Let's say the host does not do probing - it's not a phone, it's a
laptop or other system. It just starts sending traffic - multiple
flows.
Do you think we shouldn't  care about those packets being lost and
allow the transport layer to deal with it?

> > - It's rather unlikely that all affected systems could be updated in
> > any reasonable timeframe.
>
> Not sure if I get you there. Isn’t it the same for getting this spec implemented ? If so maybe we can omit this argument. Or did you mean something else?

The proposed changes are done on the router/host OSes. What you are
suggesting might require updating *applications* if they are doing
probing.

> > - It would not solve the problem if there are multiple applications on
> > the same host sending traffic and return packets arrive
> > simultaneously.
>
> True. It would have to be done in the OS when forming the address and before any application can open a socket.
> Note that some phones send a crafted packet to detect, e.g., a hotel portal. Is that really different ?

It's exactly when the problem manifests very clearly.

> > - Even if a host sends a single probe, the response might consist of
> > multiple packets and therefore might be still affected by the problem
> > described in this document.
>
> I guess it takes a special crafting to make sure we get only one packet in response, e.g. a TCP SYN. But then that locks ressources on the other end.
>
> A variation of a ping over udp looks more suited. Or forming a security association with the DNS server?
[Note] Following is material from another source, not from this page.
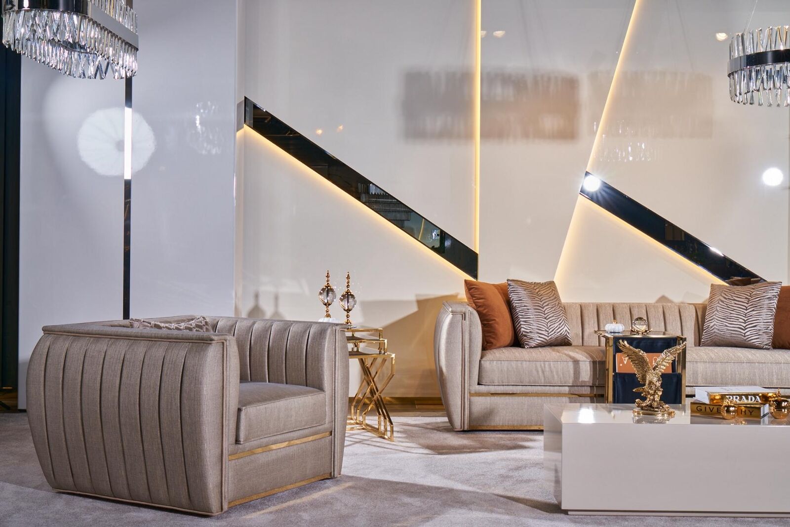 The 'Designer Sofa Set 3+1 Coffee Table' embodies contemporary elegance and comfort, perfect for creating a modern living area that stands out. This exquisite set includes a spacious and inviting 3-seater sofa, a plush armchair, and a sleek coffee table, all exquisitely coordinated in a sophisticated beige upholstery. Crafted with a combination of high-quality wood, textile, and metal materials, this set promises durability and style. The sofa and armchair are designed with optimal comfort in mind, featuring a **seat height of 44 cm** and a **seat depth of 56 cm** that are perfect for relaxation and socializing. Measuring approximately **240 x 120 x 80 cm**, the 3-seater offers ample space, while the armchair adds versatility to your seating options. The coffee table, sized at **120 x 80 x 45 cm**, serves as a chic centerpiece, perfectly complementing the seating with its minimalist design.
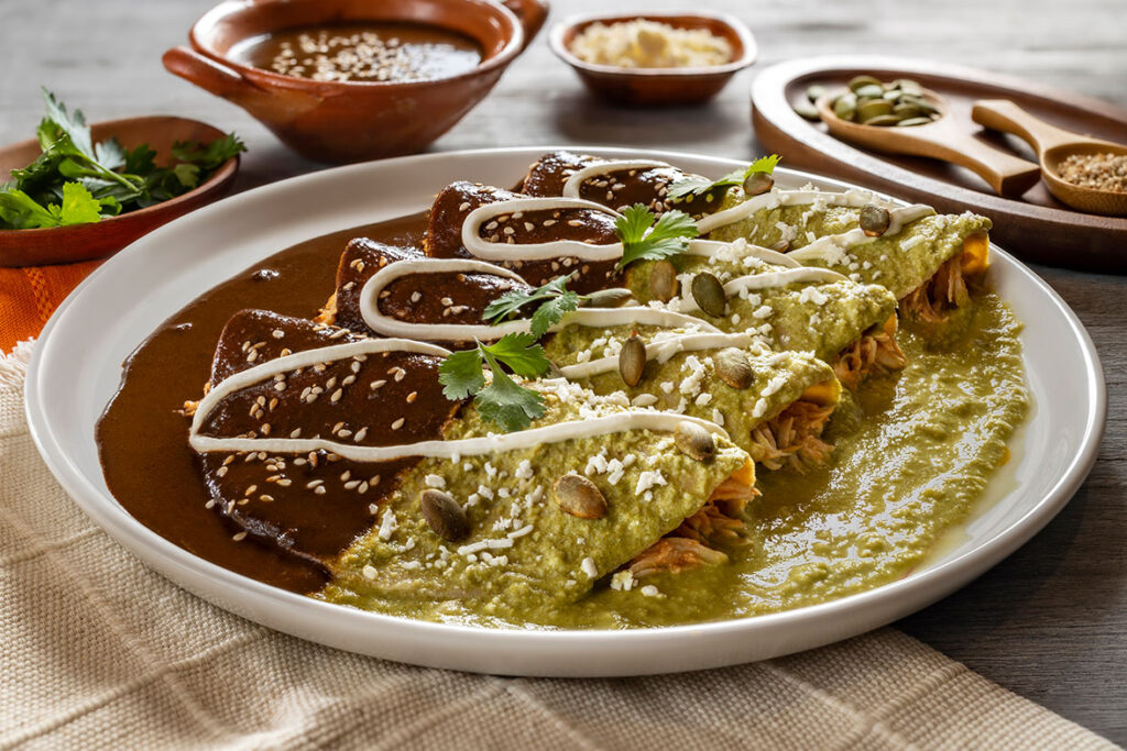 · Las enchiladas bicolor: Sus deliciosas enchiladas con pollo bañadas con mole poblano y pipián verde.

Hard to live with no DNS anyway.

So what you are proposing is:
- to publish a BCP for 'how to do probing';
- change OSes so they all implement probing first and do not allow
applications to open a socket until the probing is completed?

It sounds to be like an overkill for the problem - the change is too
big (and implications are unclear).

> > 8.8. Increasing the Buffer Size on Routers
> >
> > Increasing the buffer size and buffering more packets would exacerbate
> > issues described in [RFC6583] and make the router more vulnerable to
> > ND-based denial of service attacks."
> >
>
> Considering the vast address space that can be attacked there is no amount of memory that will fully protect against a sweeping DOS attack.
>
> The memory in a router is not constrained as it was 20 + years ago. We can allocate many times what we could at the time of the writing of classic ND. The attack can also be many times faster but then that makes the anomaly more recognizable and the router can raise defenses.
>
> I suppose that a platform that is worth attacking can throttle incoming requests.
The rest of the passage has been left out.